Shaping Parameter Contribution Patterns for Out-of-Distribution Detection
This work aims to improve the robustness of OOD detection for deep learning models, which is a critical problem for deploying AI systems in real-world scenarios where unexpected inputs are common.
This paper addresses the problem of overconfident predictions in Out-of-Distribution (OOD) detection by revealing that deep models rely on sparse parameter contribution patterns. They propose Shaping Parameter Contribution Patterns (SPCP), a method that encourages dense, boundary-oriented contribution patterns during training by rectifying high parameter contributions, thereby reducing overconfidence in OOD inputs.

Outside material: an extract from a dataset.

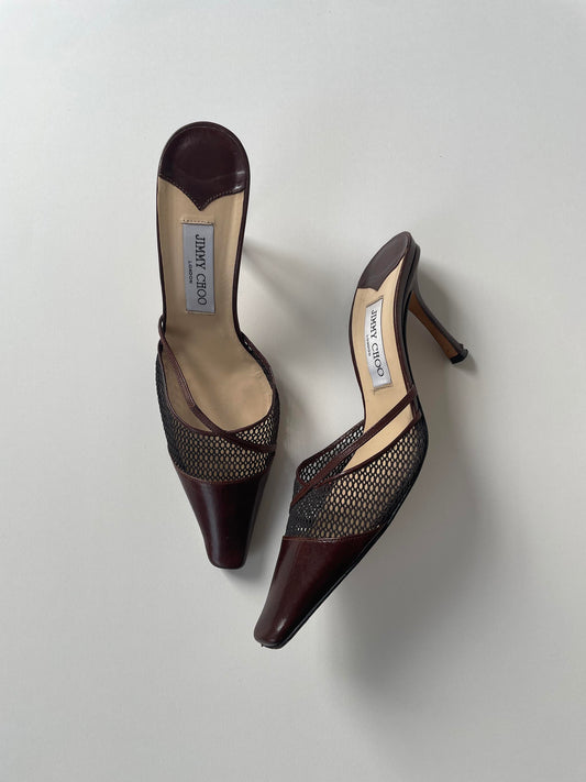 Jimmy Choo dark brown mesh strappy mules (EU 39 / US 8)

Out-of-distribution (OOD) detection is a well-known challenge due to deep models often producing overconfident. In this paper, we reveal a key insight that trained classifiers tend to rely on sparse parameter contribution patterns, meaning that only a few dominant parameters drive predictions. This brittleness can be exploited by OOD inputs that anomalously trigger these parameters, resulting in overconfident predictions. To address this issue, we propose a simple yet effective method called Shaping Parameter Contribution Patterns (SPCP), which enhances OOD detection robustness by encouraging the classifier to learn boundary-oriented dense contribution patterns. Specifically, SPCP operates during training by rectifying excessively high parameter contributions based on a dynamically estimated threshold. This mechanism promotes the classifier to rely on a broader set of parameters for decision-making, thereby reducing the risk of overconfident predictions caused by anomalously triggered parameters, while preserving in-distribution (ID) performance. Extensive experiments under various OOD detection setups verify the effectiveness of SPCP.